Chinese News Corpus: Contains more than 3.5 million news texts.
Chinese chat corpus: contains more than 5 million instant messaging texts.
People's Daily Corpus: Contains People's Daily texts from 1964 to 2018.

3. PKU

The PKU corpus is a very popular Chinese natural language processing corpus, which contains a large amount of text data and other language processing resources. It includes functions such as Chinese word segmentation, part-of-speech tagging, named entity recognition, and dependency parsing. The following is an example of using PKU for Chinese word segmentation:

import pkuseg

text = "自然语言处理是一项重要的人工智能技术。"

seg = pkuseg.pkuseg()
words = seg.cut(text)

print(words)

# Output: ['自然语言', '处理', '是', '一项', '重要', '的', '人工智能', '技术', '。']

The PKU corpus includes:

PKU People's Daily Chinese Corpus: Contains People's Daily texts from 1998 to 2010, including part-of-speech tagging, named entity recognition, etc.
News Corpus: Contains more than 10 million news texts, covering a time range of more than 20 years.

4. CoreNLP

CoreNLP is an open source natural language processing toolkit developed by the Natural Language Processing Group at Stanford University. It supports multiple languages, including English, Chinese, Arabic, etc., and can perform tasks such as word segmentation, part-of-speech tagging, named entity recognition, syntax analysis, and sentiment analysis.
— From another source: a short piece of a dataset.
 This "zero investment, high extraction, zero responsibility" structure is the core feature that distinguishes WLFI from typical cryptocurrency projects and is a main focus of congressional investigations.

The following is an example of English word segmentation using CoreNLP:

import json
from pycorenlp import StanfordCoreNLP

nlp = StanfordCoreNLP('http://localhost:9000')

text = "The quick brown fox jumps over the lazy dog."
output = nlp.annotate(text, properties={
    'annotators': 'tokenize',
    'outputFormat': 'json'
})

tokens = [token['word'] for sentence in output['sentences'] for token in sentence['tokens']]

print(tokens)

# Output: ['The', 'quick', 'brown', 'fox', 'jumps', 'over', 'the', 'lazy', 'dog', '.']
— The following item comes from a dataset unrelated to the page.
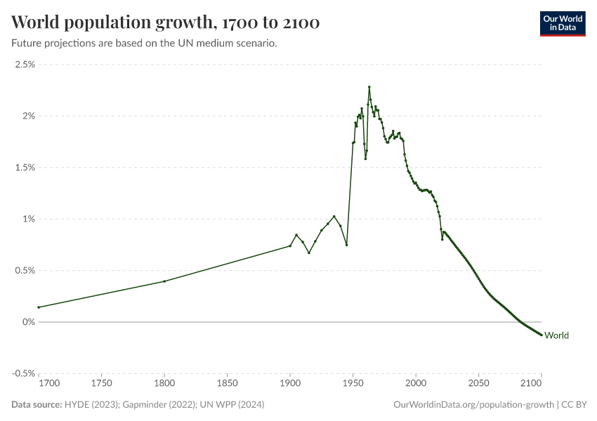 “Data Page: World population growth”, part of the following publication: Hannah Ritchie, Lucas Rodés-Guirao, Edouard Mathieu, Marcel Gerber, Esteban Ortiz-Ospina, Joe Hasell, and Max Roser (2023) - “Population Growth”. Data adapted from PBL Netherlands Environmental Assessment Agency, Gapminder, United Nations. Retrieved from https://data-forest-share-update.owid.pages.dev:8789/20250929-103213/grapher/population-growth-rate.html [online resource] (archived on September 29, 2025).How to cite this data

Penn Treebank Corpus: Contains various types of English text data for research on syntactic analysis and other natural language processing tasks.
OntoNotes corpus: Contains text data in multiple languages, used to study tasks such as named entity recognition and semantic role labeling.

Five, LTP

LTP (Language Technology Platform) is an open source natural language processing toolkit for Chinese developed by the Social Computing and Information Retrieval Research Center of Harbin Institute of Technology. It supports tasks such as Chinese word segmentation, part-of-speech tagging, named entity recognition, dependency syntax analysis, and semantic role tagging. The following is an example of using LTP for Chinese word segmentation:

from pyltp import Segmentor

segmentor = Segmentor()
segmentor.load("/path/to/your/model")
text = "自然语言处理是一项重要的人工智能技术。"
words = segmentor.segment(text)

print(words)

# Output: ['自然语言', '处理', '是', '一项', '重要', '的', '人工智能', '技术', '。']

SIGHAN2005 corpus: Contains various types of Chinese text data, used to study Chinese word segmentation, part-of-speech tagging and other tasks.
CTB5.1 Corpus: Contains more than 170,000 Chinese sentences for research on syntactic analysis and other natural language processing tasks.

6. MSR

MSR is a Chinese-oriented natural language processing toolset developed by Microsoft Research Asia. It can perform tasks such as Chinese word segmentation, part-of-speech tagging, named entity recognition, and dependency syntax analysis, and provides interfaces in multiple languages. The following is an example of Chinese word segmentation using MSR:

import msr

text = "自然语言处理是一项重要的人工智能技术。"
seg = msr.segment(text)

print(seg)

# Output: ['自然语言', '处理', '是', '一项', '重要', '的', '人工智能', '技术', '。']

MSR Chinese Word Segmentation Corpus: Contains 1 million Chinese sentences, used to study Chinese word segmentation and other tasks.
MSR Entity Recognition Corpus: Contains a large amount of entity annotation data for researching tasks such as named entity recognition.